Canned coconut milk is a perfect product to prepare food. Try using it for sauces, spicy curries or cakes. These are a few recipes which are my personal favourite. Hope you like them!
- Two cans of Coconut milk 400ml
- One kg basmati rice
- Three finely chopped onions
- One tablespoon sunflower oil
- One tablespoon butter
- First, slowly and carefully cook the onions in oil in a medium pot with a lid
- Add the rice and simmer for a few minutes. Keep mixing, until it is very fluffy.
- Pour two cans of water to coconut milk.
- Bring to a moderate boil, mix, then close the lid
- Reduce the heat to the least level and simmer for 10-15 minutes
- Periodically scrub the surface with a wooden spoon to avoid it from adhering.
- The rice supposed to be sticky and flavorful, but not soggy. Make sure it is a bit crunchy but not overcooked.
- Tip into a large bowl that’s going to fit into a microwave and cover it with cling wrap.
- Cool for up to a day, before ready to serve.
- Finally, poke an opening in the cling film.
- Microwave on high for eight minutes, stirring halfway until hot and cooked through the opening.
- Add a little salt and mix with a fork to split down the rice.
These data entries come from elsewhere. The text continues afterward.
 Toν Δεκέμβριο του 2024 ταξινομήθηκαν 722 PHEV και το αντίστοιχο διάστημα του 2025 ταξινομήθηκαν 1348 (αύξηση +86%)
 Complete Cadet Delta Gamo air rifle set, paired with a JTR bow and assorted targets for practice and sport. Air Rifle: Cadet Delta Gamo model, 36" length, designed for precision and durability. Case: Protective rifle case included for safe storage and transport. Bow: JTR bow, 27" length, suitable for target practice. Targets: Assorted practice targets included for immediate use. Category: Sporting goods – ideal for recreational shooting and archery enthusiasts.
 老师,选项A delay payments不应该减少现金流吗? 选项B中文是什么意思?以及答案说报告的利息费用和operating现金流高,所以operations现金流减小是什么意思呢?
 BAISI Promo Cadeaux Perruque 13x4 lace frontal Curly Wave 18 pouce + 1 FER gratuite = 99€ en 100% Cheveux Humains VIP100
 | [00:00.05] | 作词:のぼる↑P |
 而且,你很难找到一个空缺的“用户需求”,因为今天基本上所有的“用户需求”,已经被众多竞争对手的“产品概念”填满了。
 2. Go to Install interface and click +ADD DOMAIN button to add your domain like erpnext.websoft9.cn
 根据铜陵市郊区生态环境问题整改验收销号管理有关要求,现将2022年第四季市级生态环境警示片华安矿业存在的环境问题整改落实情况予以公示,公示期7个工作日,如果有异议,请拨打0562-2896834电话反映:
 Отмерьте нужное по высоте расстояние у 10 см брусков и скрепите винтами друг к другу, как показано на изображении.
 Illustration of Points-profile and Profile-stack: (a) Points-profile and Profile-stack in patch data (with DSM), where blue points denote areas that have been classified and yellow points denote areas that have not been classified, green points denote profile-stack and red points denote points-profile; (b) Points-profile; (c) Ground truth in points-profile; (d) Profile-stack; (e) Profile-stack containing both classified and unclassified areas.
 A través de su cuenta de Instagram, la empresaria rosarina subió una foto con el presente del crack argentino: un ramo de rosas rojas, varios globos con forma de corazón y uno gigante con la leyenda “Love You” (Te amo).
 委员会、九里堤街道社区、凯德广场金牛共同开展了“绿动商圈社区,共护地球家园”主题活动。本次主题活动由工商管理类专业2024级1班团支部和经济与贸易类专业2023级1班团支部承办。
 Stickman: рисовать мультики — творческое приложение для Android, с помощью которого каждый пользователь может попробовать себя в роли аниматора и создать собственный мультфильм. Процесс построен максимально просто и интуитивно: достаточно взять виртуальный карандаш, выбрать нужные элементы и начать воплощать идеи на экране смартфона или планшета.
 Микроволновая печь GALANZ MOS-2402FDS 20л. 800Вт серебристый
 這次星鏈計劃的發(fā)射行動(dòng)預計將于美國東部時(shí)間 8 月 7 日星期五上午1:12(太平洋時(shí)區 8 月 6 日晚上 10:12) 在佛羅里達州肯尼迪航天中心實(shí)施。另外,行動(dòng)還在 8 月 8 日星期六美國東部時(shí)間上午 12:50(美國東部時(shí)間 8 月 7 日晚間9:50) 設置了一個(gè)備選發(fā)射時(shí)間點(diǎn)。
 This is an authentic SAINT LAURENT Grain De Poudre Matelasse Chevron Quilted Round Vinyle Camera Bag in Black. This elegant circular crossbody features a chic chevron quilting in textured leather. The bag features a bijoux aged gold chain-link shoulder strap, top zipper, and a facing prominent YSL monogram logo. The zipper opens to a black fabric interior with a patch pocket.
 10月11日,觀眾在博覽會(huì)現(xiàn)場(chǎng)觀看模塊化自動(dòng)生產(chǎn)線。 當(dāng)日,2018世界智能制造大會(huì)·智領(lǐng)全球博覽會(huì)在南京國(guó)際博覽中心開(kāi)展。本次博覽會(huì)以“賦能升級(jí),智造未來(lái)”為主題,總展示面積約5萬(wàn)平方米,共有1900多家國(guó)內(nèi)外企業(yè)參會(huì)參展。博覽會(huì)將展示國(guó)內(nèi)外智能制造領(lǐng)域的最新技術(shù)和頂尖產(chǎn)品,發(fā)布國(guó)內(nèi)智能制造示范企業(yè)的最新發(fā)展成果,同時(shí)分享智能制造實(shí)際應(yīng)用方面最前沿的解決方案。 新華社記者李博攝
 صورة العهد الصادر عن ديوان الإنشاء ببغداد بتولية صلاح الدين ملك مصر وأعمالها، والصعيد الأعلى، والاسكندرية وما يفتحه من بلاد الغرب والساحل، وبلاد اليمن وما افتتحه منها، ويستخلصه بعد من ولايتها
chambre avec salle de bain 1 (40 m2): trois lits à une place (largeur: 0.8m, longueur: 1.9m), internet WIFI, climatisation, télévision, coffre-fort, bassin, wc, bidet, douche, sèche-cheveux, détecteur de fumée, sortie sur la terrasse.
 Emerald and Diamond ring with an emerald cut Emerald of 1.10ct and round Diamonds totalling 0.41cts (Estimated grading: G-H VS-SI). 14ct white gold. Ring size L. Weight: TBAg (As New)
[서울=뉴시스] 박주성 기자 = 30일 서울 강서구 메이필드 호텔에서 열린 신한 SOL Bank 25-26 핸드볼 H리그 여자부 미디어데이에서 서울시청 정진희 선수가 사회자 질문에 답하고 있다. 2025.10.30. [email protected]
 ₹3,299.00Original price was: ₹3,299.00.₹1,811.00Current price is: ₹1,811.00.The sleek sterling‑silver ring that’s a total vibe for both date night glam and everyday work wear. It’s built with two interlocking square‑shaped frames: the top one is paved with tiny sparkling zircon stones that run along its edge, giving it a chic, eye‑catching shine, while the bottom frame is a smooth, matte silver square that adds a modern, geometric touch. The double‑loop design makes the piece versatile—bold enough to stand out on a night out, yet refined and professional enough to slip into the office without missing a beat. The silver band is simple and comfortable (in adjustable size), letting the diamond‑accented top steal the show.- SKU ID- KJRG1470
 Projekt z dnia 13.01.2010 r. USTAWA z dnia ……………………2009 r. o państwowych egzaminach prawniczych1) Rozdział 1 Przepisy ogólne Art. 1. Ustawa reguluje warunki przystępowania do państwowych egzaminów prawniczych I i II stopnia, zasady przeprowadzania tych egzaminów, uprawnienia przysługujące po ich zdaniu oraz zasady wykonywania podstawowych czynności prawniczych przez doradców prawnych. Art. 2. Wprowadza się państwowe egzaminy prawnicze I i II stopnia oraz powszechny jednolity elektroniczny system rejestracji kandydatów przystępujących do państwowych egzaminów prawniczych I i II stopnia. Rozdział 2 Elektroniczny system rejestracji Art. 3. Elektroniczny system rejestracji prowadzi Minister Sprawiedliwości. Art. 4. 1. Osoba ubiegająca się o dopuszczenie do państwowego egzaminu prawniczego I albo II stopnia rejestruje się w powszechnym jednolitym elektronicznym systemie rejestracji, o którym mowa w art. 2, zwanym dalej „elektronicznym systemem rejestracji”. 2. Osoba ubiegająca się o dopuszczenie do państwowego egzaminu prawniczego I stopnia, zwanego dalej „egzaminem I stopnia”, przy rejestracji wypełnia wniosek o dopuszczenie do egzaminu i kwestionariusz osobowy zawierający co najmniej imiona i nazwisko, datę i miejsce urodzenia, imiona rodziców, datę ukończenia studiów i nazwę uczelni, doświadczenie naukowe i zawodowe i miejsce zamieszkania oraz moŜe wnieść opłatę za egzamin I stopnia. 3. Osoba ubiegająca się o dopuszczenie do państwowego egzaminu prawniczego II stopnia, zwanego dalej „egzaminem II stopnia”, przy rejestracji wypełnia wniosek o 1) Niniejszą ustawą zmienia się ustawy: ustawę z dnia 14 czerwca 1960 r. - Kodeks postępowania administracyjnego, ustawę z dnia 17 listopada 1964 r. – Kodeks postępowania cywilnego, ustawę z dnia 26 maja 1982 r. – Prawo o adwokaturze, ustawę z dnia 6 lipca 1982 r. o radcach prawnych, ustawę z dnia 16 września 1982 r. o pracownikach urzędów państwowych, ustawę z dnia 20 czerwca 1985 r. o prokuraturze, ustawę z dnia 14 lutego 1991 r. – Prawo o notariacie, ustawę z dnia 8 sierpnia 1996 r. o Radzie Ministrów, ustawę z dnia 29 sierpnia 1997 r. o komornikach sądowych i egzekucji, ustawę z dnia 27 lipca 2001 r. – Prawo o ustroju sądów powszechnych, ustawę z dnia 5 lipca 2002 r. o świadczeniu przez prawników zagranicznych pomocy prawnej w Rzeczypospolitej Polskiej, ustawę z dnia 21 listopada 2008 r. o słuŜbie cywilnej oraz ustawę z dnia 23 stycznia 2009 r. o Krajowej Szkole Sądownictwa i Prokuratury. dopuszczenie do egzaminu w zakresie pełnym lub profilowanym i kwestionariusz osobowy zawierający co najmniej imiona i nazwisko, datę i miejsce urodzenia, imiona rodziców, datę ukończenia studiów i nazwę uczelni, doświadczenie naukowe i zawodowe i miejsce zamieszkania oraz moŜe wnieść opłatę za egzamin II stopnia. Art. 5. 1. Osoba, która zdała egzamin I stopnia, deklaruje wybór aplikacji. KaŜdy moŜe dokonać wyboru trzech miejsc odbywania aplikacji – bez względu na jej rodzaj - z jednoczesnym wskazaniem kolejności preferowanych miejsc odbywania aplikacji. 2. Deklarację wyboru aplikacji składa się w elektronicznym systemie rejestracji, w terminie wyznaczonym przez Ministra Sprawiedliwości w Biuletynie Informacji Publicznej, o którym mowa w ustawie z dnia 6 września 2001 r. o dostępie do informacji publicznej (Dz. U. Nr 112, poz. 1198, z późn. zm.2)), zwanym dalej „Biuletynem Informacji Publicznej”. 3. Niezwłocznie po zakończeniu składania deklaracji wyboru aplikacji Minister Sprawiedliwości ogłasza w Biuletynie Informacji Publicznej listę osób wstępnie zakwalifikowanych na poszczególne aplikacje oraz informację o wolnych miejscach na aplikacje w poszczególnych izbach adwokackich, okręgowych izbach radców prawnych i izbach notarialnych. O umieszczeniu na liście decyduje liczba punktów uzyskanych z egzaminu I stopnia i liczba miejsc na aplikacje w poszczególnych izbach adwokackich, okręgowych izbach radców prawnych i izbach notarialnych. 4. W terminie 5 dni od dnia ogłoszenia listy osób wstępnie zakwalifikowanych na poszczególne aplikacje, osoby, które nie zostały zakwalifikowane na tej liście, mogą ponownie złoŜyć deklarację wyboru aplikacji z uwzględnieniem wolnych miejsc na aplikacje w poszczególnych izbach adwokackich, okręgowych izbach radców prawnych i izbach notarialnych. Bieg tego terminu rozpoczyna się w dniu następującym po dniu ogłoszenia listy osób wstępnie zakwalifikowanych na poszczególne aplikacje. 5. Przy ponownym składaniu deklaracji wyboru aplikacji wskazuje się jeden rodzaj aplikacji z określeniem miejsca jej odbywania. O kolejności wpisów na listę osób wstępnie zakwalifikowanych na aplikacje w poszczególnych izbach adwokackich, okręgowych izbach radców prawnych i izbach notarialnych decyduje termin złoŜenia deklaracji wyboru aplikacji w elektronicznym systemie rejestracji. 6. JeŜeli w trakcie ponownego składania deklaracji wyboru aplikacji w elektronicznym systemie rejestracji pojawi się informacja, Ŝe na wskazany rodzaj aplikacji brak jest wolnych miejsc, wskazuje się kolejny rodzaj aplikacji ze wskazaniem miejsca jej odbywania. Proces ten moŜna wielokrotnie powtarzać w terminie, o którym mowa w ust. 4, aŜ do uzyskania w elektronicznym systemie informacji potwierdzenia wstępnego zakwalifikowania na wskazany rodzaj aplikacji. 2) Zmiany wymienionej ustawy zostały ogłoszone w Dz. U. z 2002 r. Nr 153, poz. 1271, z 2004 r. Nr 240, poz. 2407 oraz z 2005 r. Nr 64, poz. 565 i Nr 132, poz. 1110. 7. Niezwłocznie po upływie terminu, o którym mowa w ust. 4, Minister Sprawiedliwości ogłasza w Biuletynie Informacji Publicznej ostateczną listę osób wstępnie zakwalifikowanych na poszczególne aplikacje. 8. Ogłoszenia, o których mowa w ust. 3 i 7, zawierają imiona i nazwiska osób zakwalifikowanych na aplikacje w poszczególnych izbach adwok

- 1/4 cup well-shaken canned unsweetened coconut milk
- 3 tablespoons creamy peanut butter
- 2 tablespoons soy sauce
- 1 1/2 tablespoons bottled lime juice
- 1 tablespoon water
- 2 teaspoons light brown sugar
- 1 1/2 teaspoons Sriracha chilli sauce, plus more for serving
- 1/8 teaspoon ground ginger
- 6 ounces uncooked soba noodles
- 1 1/2 cups frozen shelled edamame
- 2 tablespoons toasted sesame oil
- 1/4 cup roasted salted peanuts
- Whisk all the following ingredients together until smooth and keep it away.
- Coconut milk
- Peanut butter
- Soy sauce
- Lime juice
- Brown sugar
- Cook the noodles (in salted water) as per product instructions
- Add edamame in the last two minutes of the cooking process
- Under cold water rinse the noodle mixture
- Drain properly again, and put in a wide container
- Add oil
- Add peanut sauce
- Split the mix into four cups (Since this recipe serves four. The serving size is about 1 and 1/4 cups)
- If needed drizzle with Sriracha.
- Sprinkle with nuts, and sesame seeds if required.
- Two cups of shredded coconut (unsweetened)
- Three to four cups of water
- Salt (just a pinch)
- To a high-speed blender, add coconut, three cups (720 ml) of water, salt and some other additional add-ons. You could use dates, vanilla extract, maple syrup, cacao powder or whatever you like.
- Top with lid and protect with a cloth to make sure it does not spray.
- Blend for around two minutes, just until the combination appears to be well mixed.
- To test flavour and sweetness, scoop out a small sample with one spoon. Add dates, sugar, or vanilla whichever desired. If too dense, apply remainder one cup of water.
- Pour the mixture over a large bowl, a very thin towel or a clean T-shirt.
- It comes out well with either via a very slim washcloth or a nut milk bag from a single strain.
- The pulp may be used for bakery products or added to cereal, milkshakes.
In conclusion, we discussed coconut milk- what it is, what it could be used for, how it can be made from scratch, as well as what are its benefits. Most importantly, I talked about the topic, ‘Is Coconut Milk in the Can the Same as the Carton’. By now, you will know that the answer to this question is a big no.
They are quite distinctive. Coconut milk is nothing like canned coconut milk in the carton. Carton coconut milk is much more refined and lacks the deep coconut taste necessary for Thai food dishes as well as other sauces. It is good for coffee creamer and cereal but is not a perfect replacement for cooking or baking coconut milk.